The first season of the show is Yona’s attempt to hunt down and convince the dragons to support her in her struggle to retake that which was ripped from her. We also see Yona grow into one determined maiden, willing to fight, and kill, in the name of justice. The nice thing about the show is that her transformation is not complete. She still gets scared and nervous and flustered, but has a fire in her belly to follow this thing through, even though it may mean having to slay her childhood friend. You really see her commitment in the concluding arc for the first season, the battle with Lord Kum-ji over Awa Port.
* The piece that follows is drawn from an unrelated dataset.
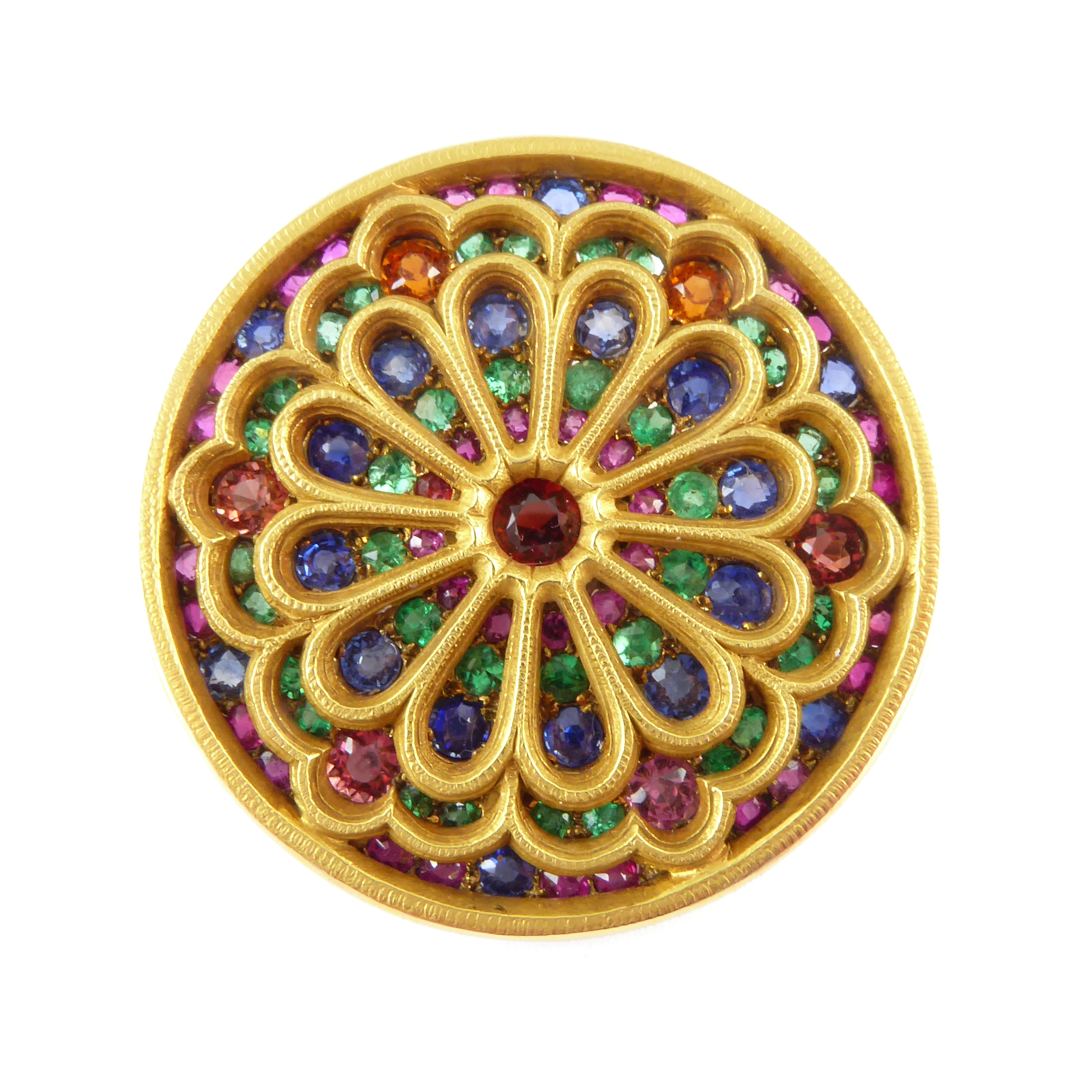 19th century sapphire, ruby, emerald, gem and gold gothic revival brooch, c.1880, in the form of a round stained glass church window,

And her dragon friends? They are all over the boards emotionally. Starting from the sword in the center and moving left (and this is also the order they were found): Ki-Ja, the White Dragon. He stepped into his role with zero hesitation, despite being almost as naïve as Yona. Shin-Ah, the Blue Dragon. His eyes cause massive devastation and death, so he wears a mask, but Yona saw him for whom he was inside, and he signed up (and his pet squirrel, Ao. That is the consistent comic relief). Jae-Ha, a bit of a rogue (or a Leo-type, for you astrology buffs), and is the Green Dragon, able to leap long and far. He kind of blows this whole escapade off, as he doesn’t want anything to crimp his style, but he eventually comes around. Then comes Zeno, the Yellow Dragon. Now, he made his appearance in the very last episode, so we don’t know too much about him, but he was the easiest to find (home cookin’ always brings ‘em in!)

It is a very good run, despite a couple of dud episodes, but I felt those were to let us know what other folks were doing while our heroes were in hunt mode. Despite these fizzles, you have a really strong story, both in the plot itself and the characters, even if some of them are a bit clichéd (like Madame Pirate). The relationships are some of the best that I have seen in anime in a long time, as they feel natural and not kind of stuck in, as you expect them to be stuck in. I am anxious for the second season, as we have everything in place for a remarkable conclusion.
On a scale of 1 to 10:

Artwork 8 (Interesting executions)
Plot 8 (Nice twist on the maturity idea)
Pacing 7 (Pretty consistent)
Effectiveness 8 (Plotted out quite well)
Conclusion 5 (It reaches a ‘coupler point’, but hasn’t ended)
Fan Service 2 (A similar show would be “Okamisan”)

Overall 8 (Everything comes together well)

And remember, it’s first run until you’ve seen it. I want to get stronger.